Tonight was something I’ve been anticipating and also anxious about for several months—the orientation for my doctoral program lasted until almost 8pm. I have always wanted to continue forward and get another degree, but something always stood in my way and it was never the perfect time. When I got accepted to this program this spring, it felt like the exactly perfect time. Kellie was so proud of me, guys. She was the biggest support to me I could ever imagine. I’m not sure how I’m going to keep myself motivated for the next three years without her here, but that is a problem for another day. Right now at least, I’m doing it for her, and that’s going to have to be enough. Rest assured that I will force you all to call me Dr. Butler once I graduate. You have three years to prepare for that blessed event. (I will accept Dr.
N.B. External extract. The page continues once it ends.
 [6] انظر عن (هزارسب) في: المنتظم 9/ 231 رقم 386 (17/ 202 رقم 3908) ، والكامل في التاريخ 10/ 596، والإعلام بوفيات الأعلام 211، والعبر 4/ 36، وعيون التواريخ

Matt, but only if you say it nicely enough.) If you’re curious, it’s an Ed.D. in Interprofessional Leadership, and I’m looking to focus on the problem of how we can build a sense of community between students across hybrid and distance learning environments, despite all the barriers that exist in that setting.
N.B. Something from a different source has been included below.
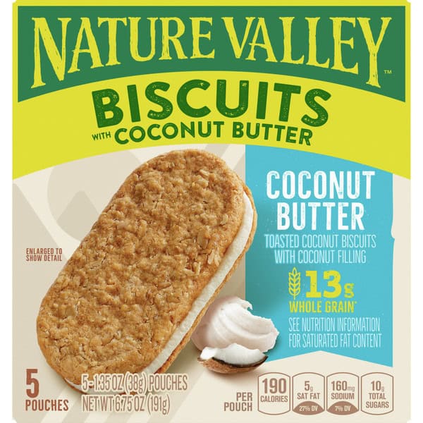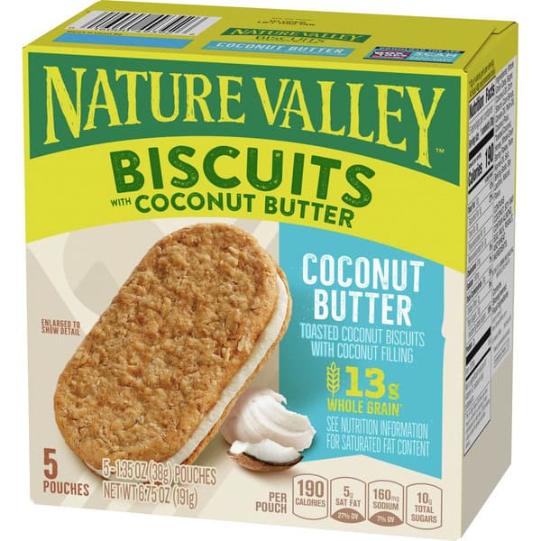 • CONTAINS: One 6.75 oz box of Nature Valley Coconut Butter Biscuit Sandwiches; 5 count

Four days until the service is over. Wednesday, Thursday, Friday, Saturday. I can do this. We can do this.
Here’s Kellie in a tiara. I’ll have a lot to say about birthdays as this process goes on, I’m sure. But she was the best birthday girl ever, and we spent 30 years as a couple celebrating a birthday month, not a birthday day. November will be hard for me for the rest of my life.
My sister-in-law said on Facebook today that she’s not ready to say goodbye to Kellie on Saturday because it’s too soon. I want all of you to hear me say what I told her—the calling hours and celebration of life on Saturday are not about saying goodbye to Kellie! Nobody ever has to say goodbye to her, honestly. It’s about honoring who she was—who she is—what she has meant to so many of us—not about closure or about shutting some imaginary door. Kellie is still my wife, still her mom’s daughter, still my sister-in-law’s sister. That did not cease to be the case on April 22nd. Please don’t force yourself to see this as the end of something. Her physical life here on this planet ended (as far as we know) a month ago. But there are a ton of different ways we can visualize the myriad of ways in which she continues to live on: in all of her friends’ lives as they experience joy and love and humor, in all of her clients’ lives as they think back to lessons they learned or realizations they had or support they received from their work with Kellie. There are so many ways she lives on: in our memories, in a movie you watch that she recommended or a book you read that you know she would have loved, in a cupcake you eat that she would have enjoyed (but probably without the icing). Kellie’s still alive, just not in a physical sense. Don’t forget that, I beg you.
I think that’s enough for tonight. Love y’all.
XOXO,
Matt



Yay to ALL of the Jessie’s out there. I cleaned houses for many years and I loved doing it. Continuing to think of you this week, Matt.